Payung Geulis Nailah hadir dalam beragam jenis yang disesuaikan dengan kebutuhan dan selera konsumen. Untuk kebutuhan dekoratif dan souvenir, tersedia Payung Geulis berbahan kertas dengan harga yang sangat terjangkau, mulai dari Rp35.000 hingga Rp60.000, tergantung ukuran dan tingkat kerumitan motif. Sedangkan untuk kebutuhan yang lebih eksklusif, seperti acara pernikahan adat atau pertunjukan seni, tersedia payung berbahan kain singkong dan organdi dengan harga antara Rp100.000 hingga Rp200.000. Ada pula Payung Geulis bordir dan brukat yang dilengkapi dengan ukiran pegangan khusus, dengan harga mencapai Rp300.000.

Selain itu, Payung Geulis Nailah juga memproduksi miniatur payung untuk hiasan gantung, dekorasi kafe, dan suvenir khas daerah. Produk-produk tersebut bisa dipesan dalam bentuk custom sesuai permintaan pelanggan, baik dari segi warna, motif, ukuran, maupun tambahan nama atau logo. Fleksibilitas ini menjadikan Nailah semakin diminati baik di pasar domestik maupun luar negeri.
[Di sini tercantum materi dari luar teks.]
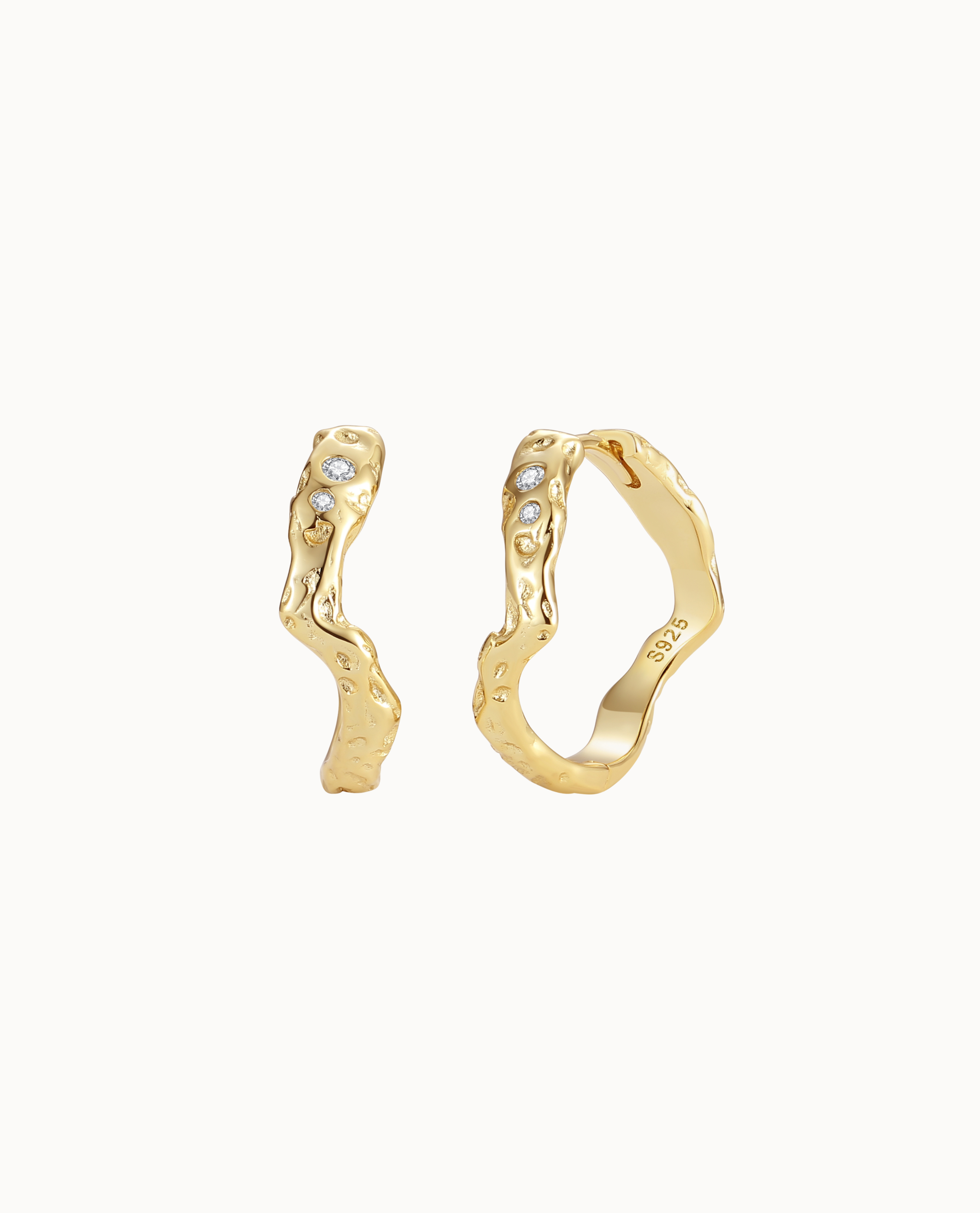 Saba Earrings er hoops med en bølgende, organisk form, inspireret af havets rytme og kystens rå teksturer. De funklende sten ligger spredt i overfladen som små skatte i strandkanten og tilføjer et strejf af elegance til det ellers rå udtryk.
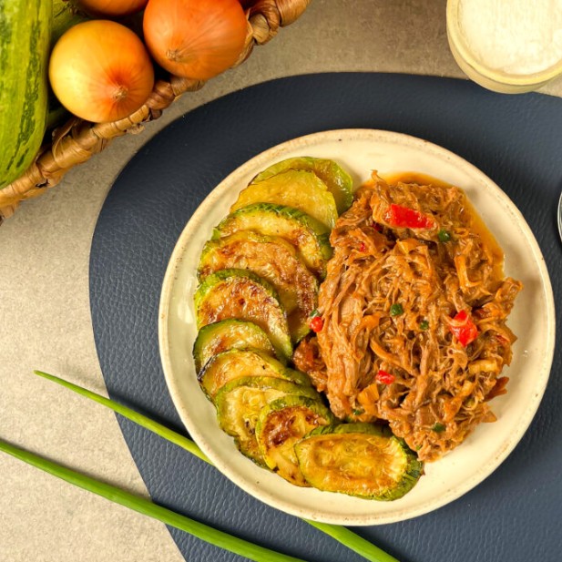 Deliciosa carne louca de lagarto bovino temperada com cebola, pimentões e acompanhada de uma saborosa abobrinha grelhada.

Potensi Ekonomi: Menjadi Sumber Hidup dan Harapan

Usaha Payung Geulis Nailah bukan hanya tentang melestarikan budaya, tetapi juga menciptakan dampak ekonomi nyata bagi masyarakat sekitar. Dalam skala lokal, usaha ini telah membuka peluang kerja bagi ibu rumah tangga, lansia, dan anak muda yang ingin berkarya di bidang seni. Dengan sistem kerja yang fleksibel, banyak di antara mereka bisa bekerja dari rumah seperti menjahit, merangkai, dan melukis tanpa harus meninggalkan kewajiban domestik. Model ini mencerminkan pemberdayaan masyarakat yang inklusif dan berkeadilan, di mana semua orang bisa terlibat tanpa batasan usia atau latar belakang.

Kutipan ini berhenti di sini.